= International Society for Biological and Environmental Repositories =

The International Society for Biological and Environmental Repositories (ISBER) is a professional society of individuals and organizations involved in biospecimen banking. Its main activities include creating educational and training opportunities, providing an online forum service, showcasing related products and services, and creating opportunities for networking. It also has published works.

==Membership==
Membership includes organizations and individuals from over 30 countries involved in long-term preservation and storage of animal, environmental, human, microorganism culture, museum, and plant/seed collections. A complete list of members is available on the ISBER website.

==Meetings==
ISBER holds one international meeting each year. Lectures, workshops, poster presentations, and working group discussions focus on technical issues and challenges such as quality assurance and control, regulations, human subject privacy and confidentiality issues, and provide information about sources of equipment and expertise.

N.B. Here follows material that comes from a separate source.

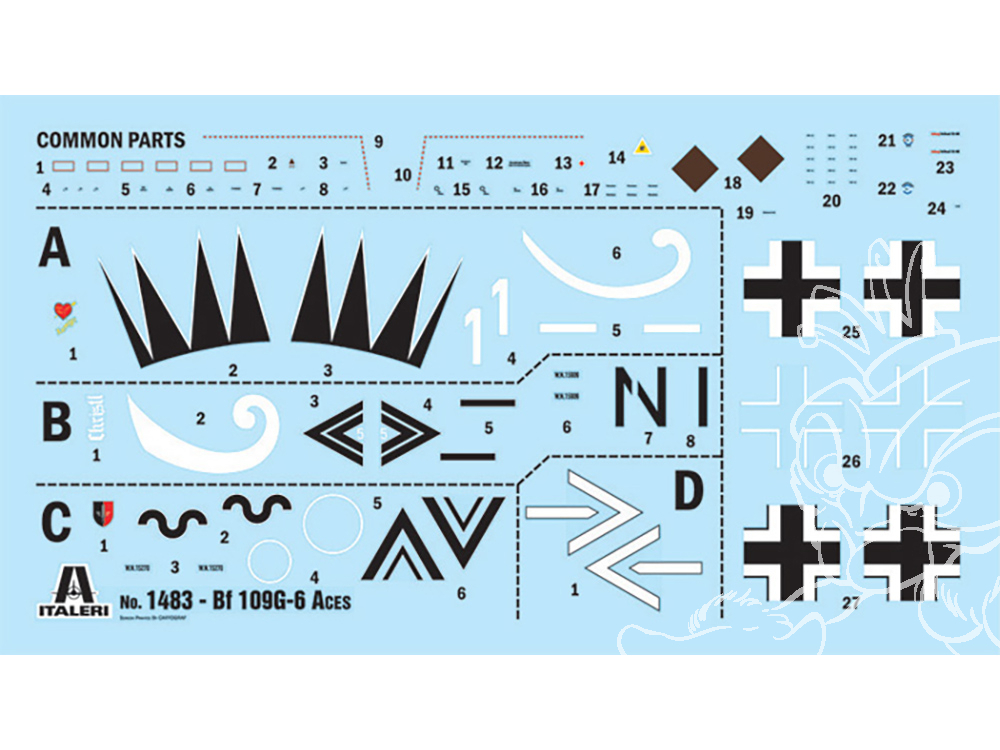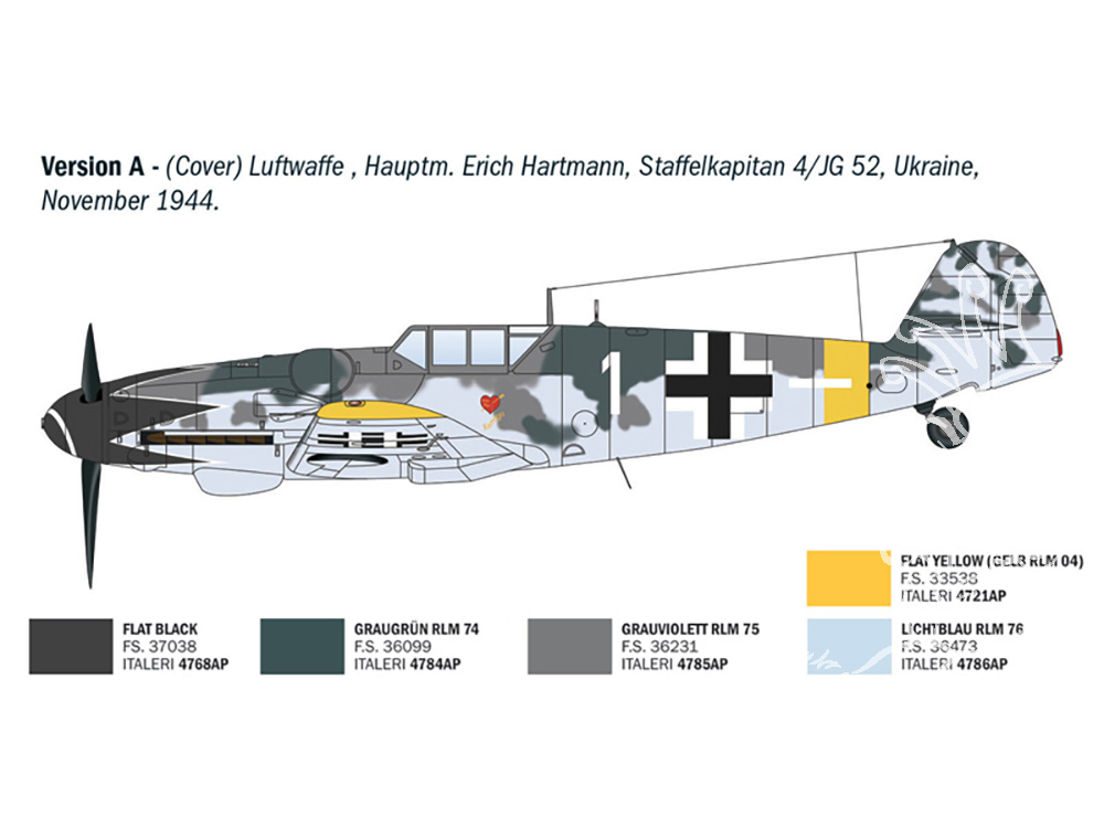 Decals per 4 versioni LUFTWAFFE ACES : Erich Hartmann, Hauptm. Gerhard Barkhorn, major Günther Rall, Obslt. Johannes Steinhoff.

=== ISBER Annual Meeting Locations ===

Source:

- May 7-10, 2019 - Shanghai, China
- May 20-24, 2018 - Dallas, TX, USA
- May 9-12, 2017 - Toronto, ONT, Canada
- May 20–24, 2014 - Orlando, FL, USA
- 2013 - Sydney, NSW, Australia
- 2012 - Vancouver, BC, Canada
- 2011 - Arlington, VA, USA
- 2010 - Rotterdam, SH, Netherlands
- 2009 - Portland, OR, USA
- 2008 - Bethesda, MD, USA
- 2007 - Singapore
- 2006 - Bethesda, MD, USA
- 2005 - Bellevue, WA, USA
- 2004 - New York, NY, USA

==Best Practices==
The ISBER Best Practices are publications periodically reviewed and revised to reflect advances in research and technology. The fourth edition (2018) of the Best Practices builds on the foundation established in the first, second, and third editions which were published in 2005, 2008, and 2012 respectively. The fifth edition is currently being written.

=== Current Best Practices ===
ISBER Best Practices: Recommendations for Repositories provides repository professionals with standardized guidelines for the management of biobank specimen collections and repositories. The most current version of the ISBER Best Practices was published in Biopreservation and Biobanking (BIO), February 2018 issue.

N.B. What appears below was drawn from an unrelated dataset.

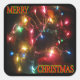 El pegatina cuadrado representa una corona adornada con bombillas multicolores y un superpuesto de texto que dice: "Feliz Navidad". Las esquinas biseladas mejoran la vida del pegatina (adherencia) al reducir la tendencia a la infiltración. Disponible en hojas de 6 (seis) pegatinas de 3" o 20 (veinte) pegatinas de 1 y 1/2".

==Biorepository Proficiency Testing Program==
Developed in collaboration with the Integrated Biobank of Luxembourg (IBBL), the Biorepository Proficiency Testing Program is designed to allow biorepositories to assess the accuracy of their quality control assays and characterization of biospecimens. Participants can compare their results with those obtained in other laboratories and can identify testing issues that may be related to individual staff performance or calibration of instrumentation used in biospecimen quality control. The program provides guidance to biorepositories so they can take appropriate remedial action to be in compliance with ISO/IEC 17043:2010, providing a necessary External Quality Assessment tool for biorepositories who wish to seek accreditation (ISO 17025, CLIA or equivalent).